The commit that will be chosen as the second parent of the commit is the latest revision that belongs to the specified branch.

It is also possible to merge tags; only one of branch and tag should be specified.

revision : The revision at which the branch should be recorded.

branch : The branch that should be merged into this branch. Obviously, this branch needs to be defined in this configuration file as well.

tag : The tag that should be merged into this branch.

The tags section

Tags are markers for certain commits, most often used for released versions. But, just like Subversion doesn’t know what a branch is, it also doesn’t know what a tag is; Subversion just sees directories in a sea of directories. So once again, your help is required!

name : The name of the tag. Tag names need to be unique in a repository.

revision : The revision of this branch that should be tagged. The actual revision the tag will be made of may actually be lower than this; if the Subversion commit (e.g. on your /tags branch) refers to revision 10 but the last commit on this branch was actually 7, revision 7 will be tagged.

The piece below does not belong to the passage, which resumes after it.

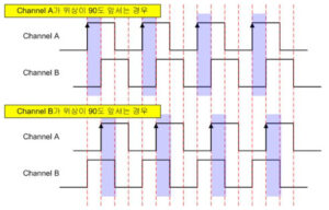 아래는 엔코더에서 나오는 출력파형에 대한 그림입니다.

message-revision : The revision that the message of the Git tag should be taken from.

The fixes section

If you live a country that does not have a US-ASCII-compatible national language, you may encounter problems with those pesky accented or otherwise multi-byted characters. This section allows you to replace messages that have not been converted correctly.

revision : The revision to fix.

message : The new message for this revision.

Merging Configurations

In order to be able to e.g. define a common mapping for committers (because in a corporate environment you have many repositories, but they are all being worked on by the same people) it is possible to specify multiple XML files on the command line. In general, the values from later files are used to override values from earlier files. The following exceptions apply:

  1. Non-present tags in the general sections remain unchanged.
  2. The committer and the subversion-auth value in the general section can only be overridden in total, i.e. it is not possible to only change the name of the committer, or the password for the authentication.
  3. The committers from the committers section are merged by the subversion ID, i.e. if a later file has a committer with the same subversion ID as a previous file, the committer from the later file is used.
  4. Branches are not merged but only copied from the later files. That means that any branch definitions should be in the last file only. Non-present branches will not override existing branches.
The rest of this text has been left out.